HIV Vaccine Demonstrates Durability Against Hard-to-Fight Strains


Vaccine found to provide durable protection against the “death star” HIV strain, which is notably hard to fight.

An investigational vaccine successfully protected against hard-to-fight HIV strains, with long-term efficacy from a single inoculation, according to a study published in Science Translational Medicine.

The vaccine, developed by researchers at the Scripps Research Florida campus, was tested against SIVmac239, also called the “death star” strain, which is known for being seemingly indestructible, according to the study.

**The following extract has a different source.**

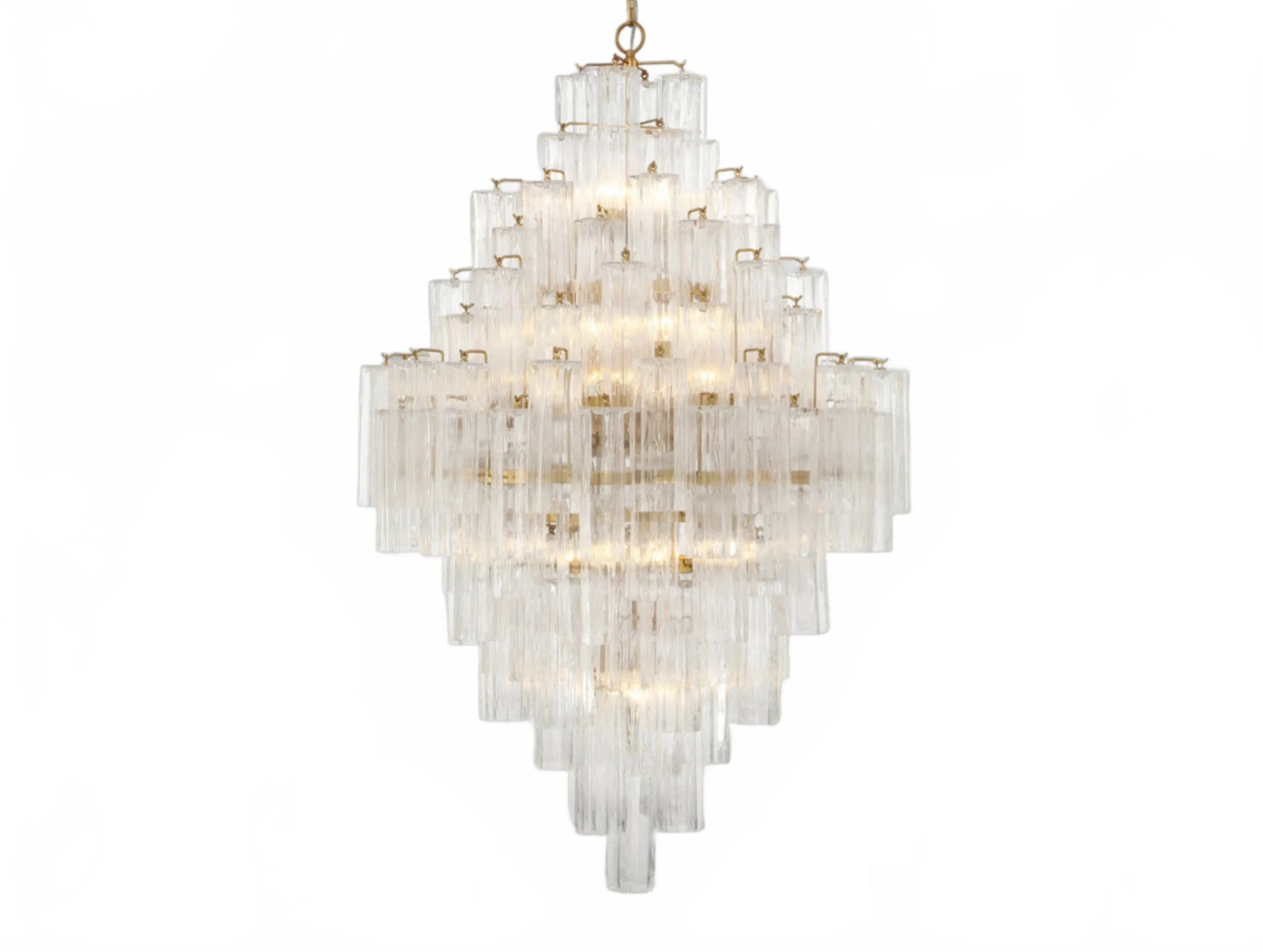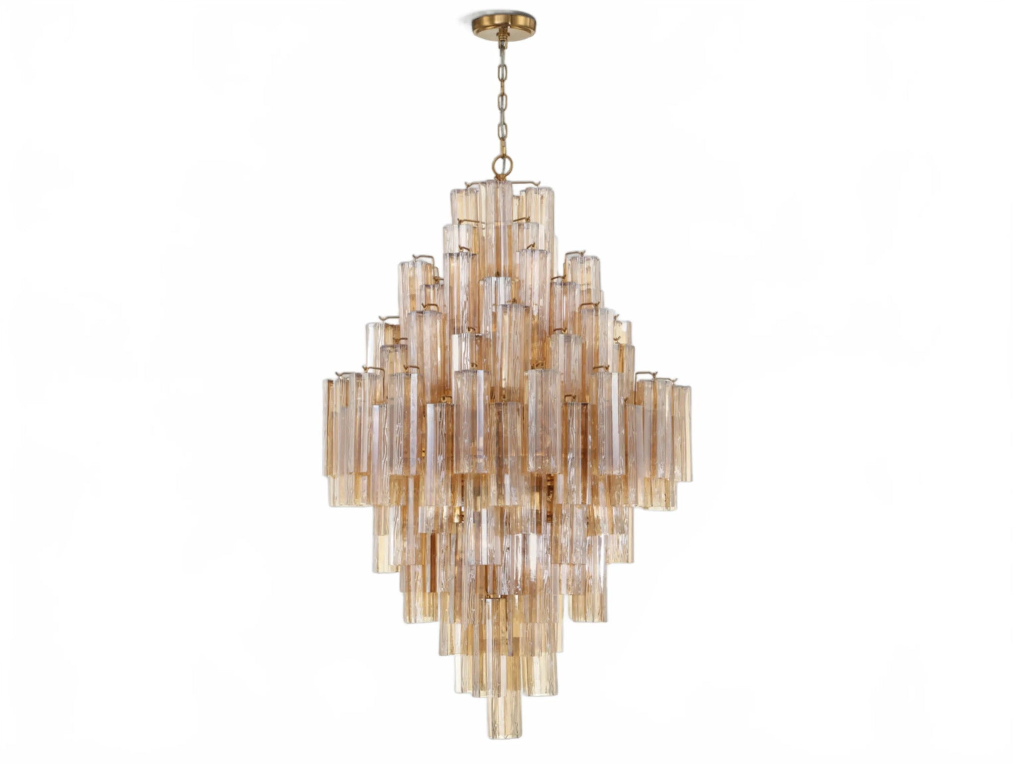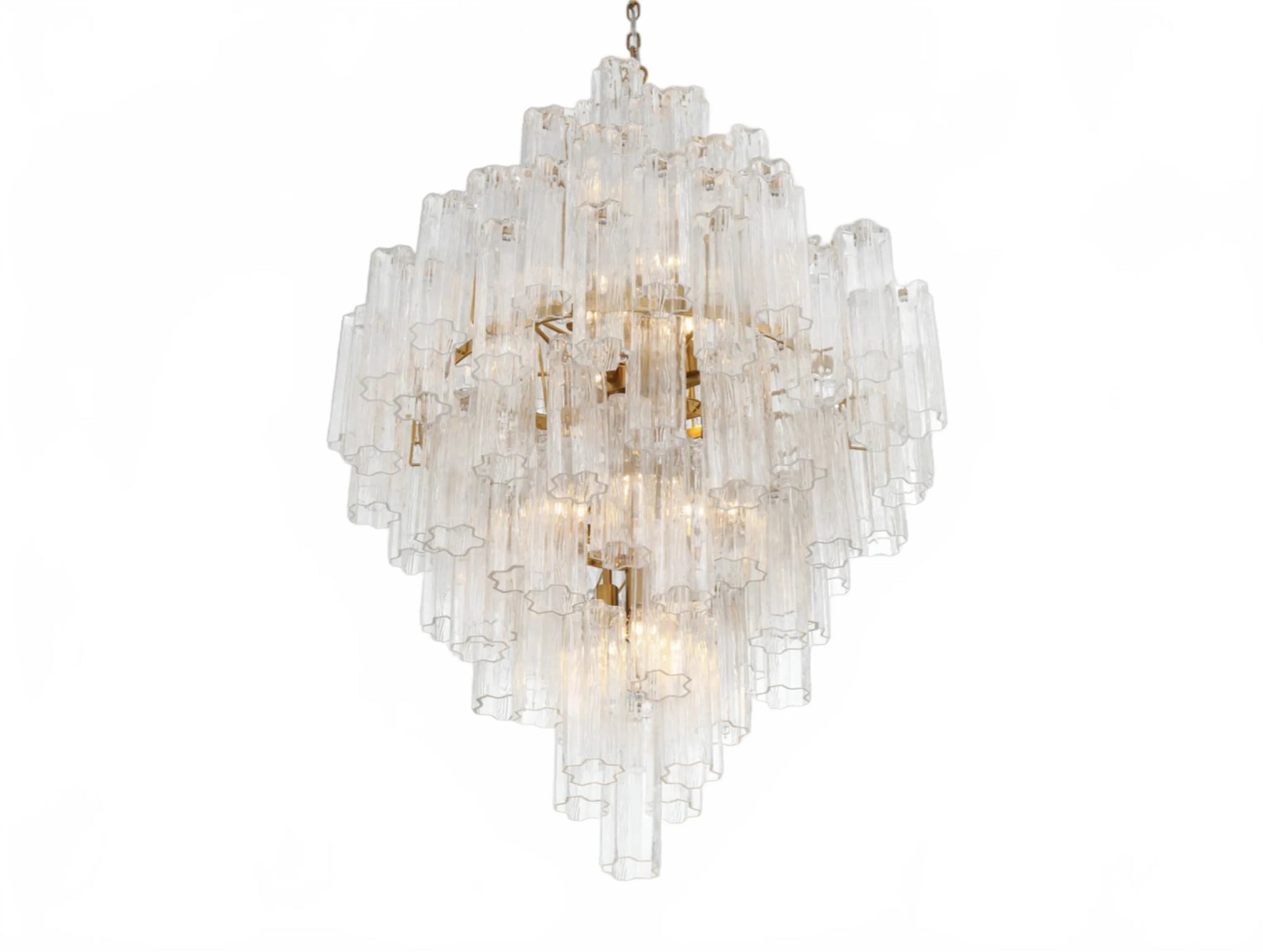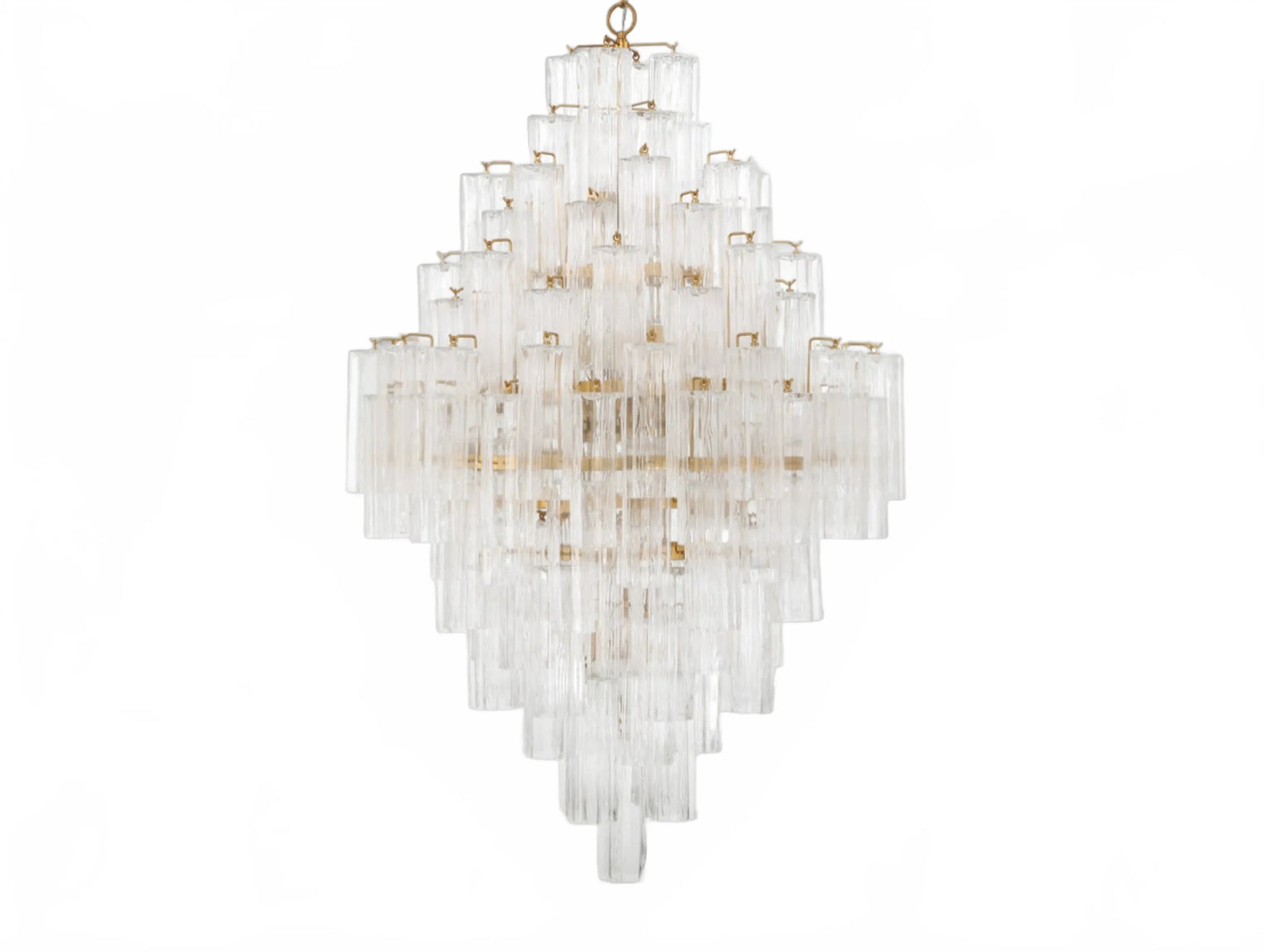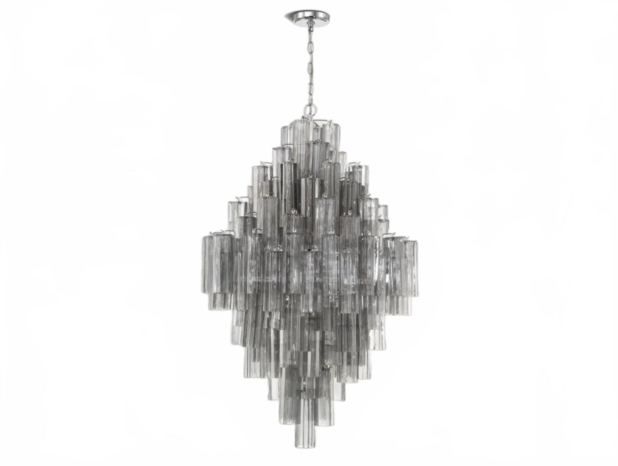 The Adois Foyer Chandelier introduces mid-century artistry into the center of your home. Influenced by the enduring Tronchi style, this chandelier showcases a refined frame in polished chrome or aged brass, paired with transparent rows of textured glass tubes that capture and refract light beautifully.

SIVmac239 is a type of simian immunodeficiency virus that replicates HIV in primates.

Different from most conventional vaccines, this vaccine uses a safe virus to fight the dangerous one, using muscle cells rather than immune cells to generate protective agents. The lab-made adeno-associated virus (AAV) carries a protective protein called eCD4-Ig, which features 2 HIV co-receptors: CD4 and CCR5. Once injected into the muscle, the vaccine causes muscle cells to produce this protective protein, which prevents HIV from being able to infect.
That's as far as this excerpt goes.